Qatar sought to allay widespread concerns about conditions for migrant workers on World Cup building projects by detailing Tuesday how their rights must be protected by contractors.
Rights group Amnesty International called the charter a "positive, if partial" step. But the International Trade Union Confederation called it a "sham," and complained 2022 World Cup leaders have not demanded changes in Qatar's labor laws despite mounting criticism from rights groups.
FIFA, which ordered the report, said the charter showed "concrete steps" were being taken to accelerate the introduction of "adequate uniform" conditions for workers building venues for the Middle East's first World Cup.
Qatar's 50-page document fleshes out the basic welfare obligations that were published last year. It includes requirements for employment contracts, payment, medical care and living conditions, including the meals and bedrooms that must be provided. Employers must also allow workers to retain their passports.
"In our experience enforcement (of the standards) is almost always the stumbling block," Amnesty researcher James Lynch said in a statement.

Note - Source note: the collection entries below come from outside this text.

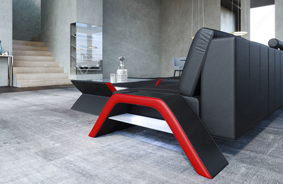 Das Esmeralda Ecksofa in Leder ist ein echtes Highlight unter den Designersofas. Zahlreiche Details machen dieses Sofa zu einem besonderen Blickfang. Die auffällig gestaltete Armlehne mit einer großen Ablagefläche in schwarz Hochglanz fällt sofort ins Auge. Diese kann zusammen mit der Ottomane wahlweise rechts oder links positioniert werden. Unter der Elegancen Armlehne befindet sich eine moderne LED-Beleuchtung, die sowohl das Sofa als auch die Armlehne perfekt in Szene setzt. Auf der gegenüberliegenden Seite gibt es ebenfalls eine stilvolle Armlehne mit praktischem Stauraum. Hier können Sie ebenfalls Getränke, Snacks oder andere Dinge auf einer praktischen Ablagefläche abstellen. Die großzügige Ottomane lädt dazu ein, sich nach einem langen Arbeitstag auszubreiten und zu entspannen, ohne gleich ins Bett gehen zu müssen. Wählen Sie aus einer Vielzahl an Haupt- und Nebenfarben, sodass garantiert auch die perfekte Farbe für Sie dabei ist. Gestalten Sie Ihr Traumsofa aus Leder bei Rayy ganz nach Ihren Vorstellungen, mit dem passenden Material, der gewünschten Farbe und der idealen Ausrichtung. Ganz zu schweigen von den optionalen Extras wie einem USB-Anschluss oder der Multifunktionskonsole, wird das Ecksofa Esmeralda definitiv der Hingucker in Ihrem Wohnzimmer! Passende Zierkissen sind ebenfalls optional erhältlich.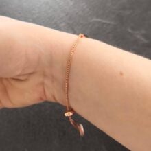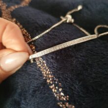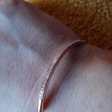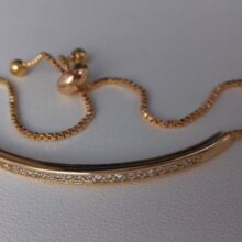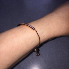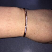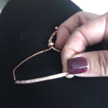 Ordered 01/13-received 02/05, sent on the same day. The bracelet was packed well, came without damage and creases. The color is beautiful, does not look cheap. From gold you can distinguish from what, from yellow of course yes, from pink Not immediately, the eye does not catch but still the color is not brighter than Rose Gold. .. Pebbles shine, everything is in place, what else is necessary)))) let's see how it behaves in the sock and when in contact with water. My wrist is 17 cm +/-, and the loose "tails" of the bracelet up to 2 cm remain. Thanks to the store for the good goods, and quality service)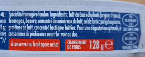 Lait écrémé réhydraté (origine France), fromages, beurre, protéines de lait, concentré de minéraux du lait, sels de fonte (E452), concentré lactique laitier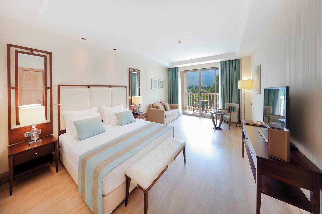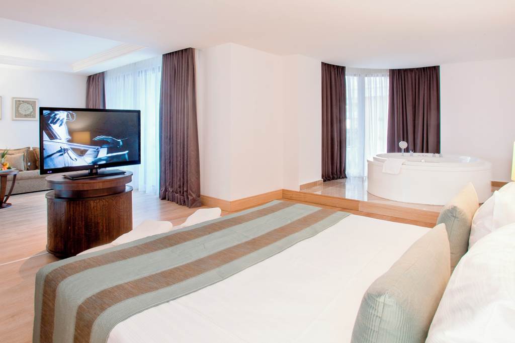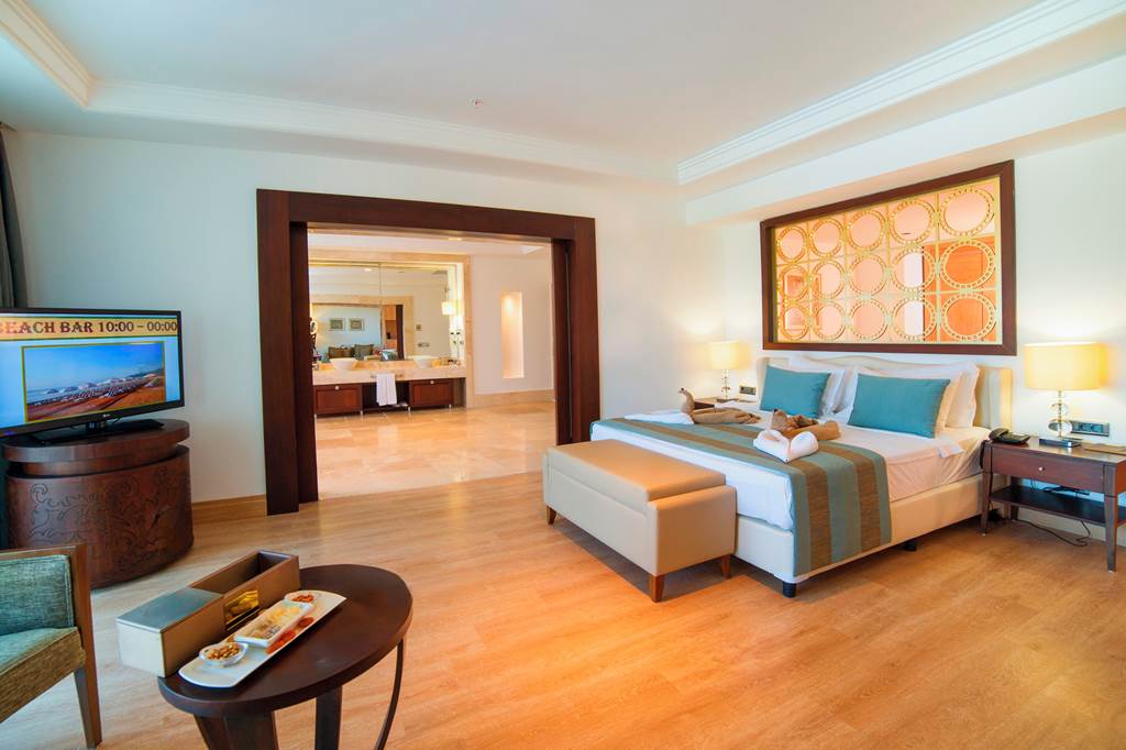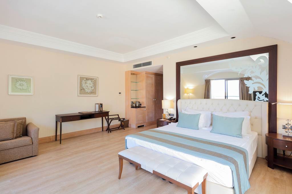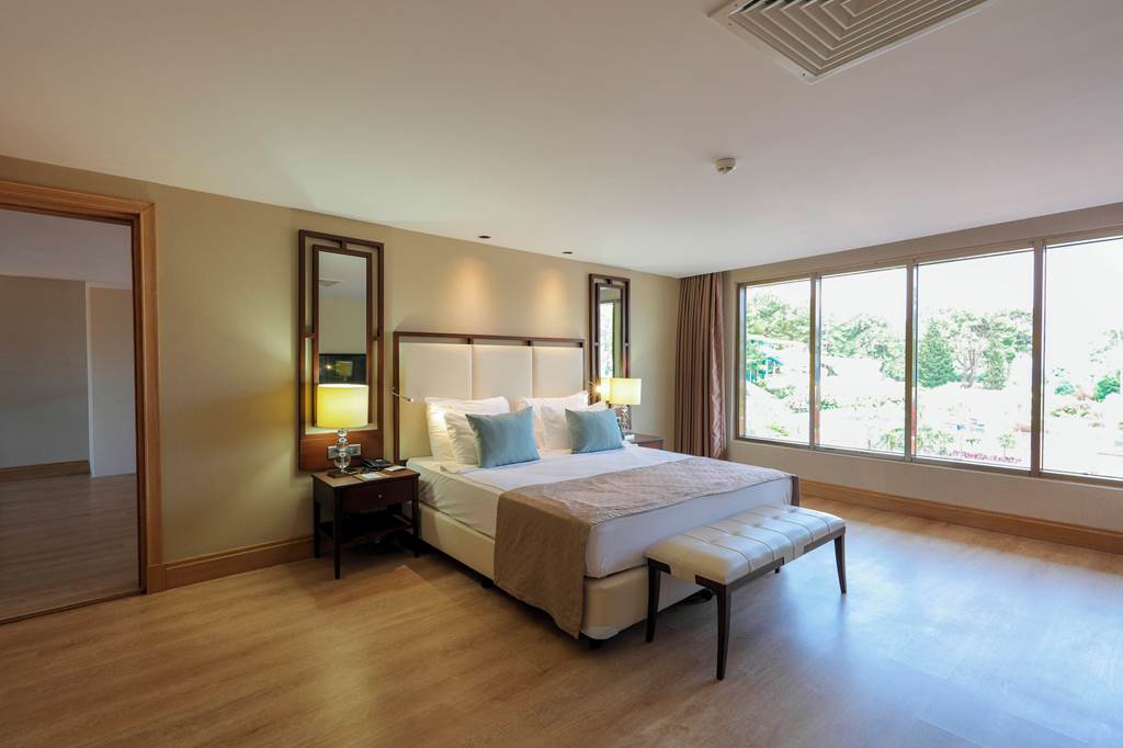Discover the ultimate beachfront escape at Juju Premier Palace, where stunning views and exceptional service meet the Mediterranean's crystal-clear waters. Guests can indulge in a variety of leisure options with multiple pools, including one featuring thrilling water slides for a splash of excitement. When it comes to dining, the hotel offers a selection of à la carte restaurants, catering to all tastes and culinary preferences. For those seeking relaxation and rejuvenation, the hotel's spa facilities provide a peaceful sanctuary to unwind and refresh. Juju Premier Palace truly has something for every age, offering fun-filled activities for children, relaxation for adults, and everything in between to ensure a perfect family getaway.Deluxe room with Land view sleep up to 2 adults and 2 children and have bathroom containing a shower or bath with shower attachment, air conditioning and Balcony. Room upgrade options and Sole Use rooms are also available.

Lynch stressed that only a "relatively small proportion" of workers are covered by the charter. Only companies building World Cup venues must abide by it, rather than those with government contracts for the wider infrastructure projects that are required to handle an influx of players, fans and media.
Just 38 construction workers are currently employed by World Cup organizers, building the Al Wakrah Stadium south of the capital Doha. The labor force will rapidly rise as a dozen stadiums and training camps for the 32 competing teams are built from scratch or renovated.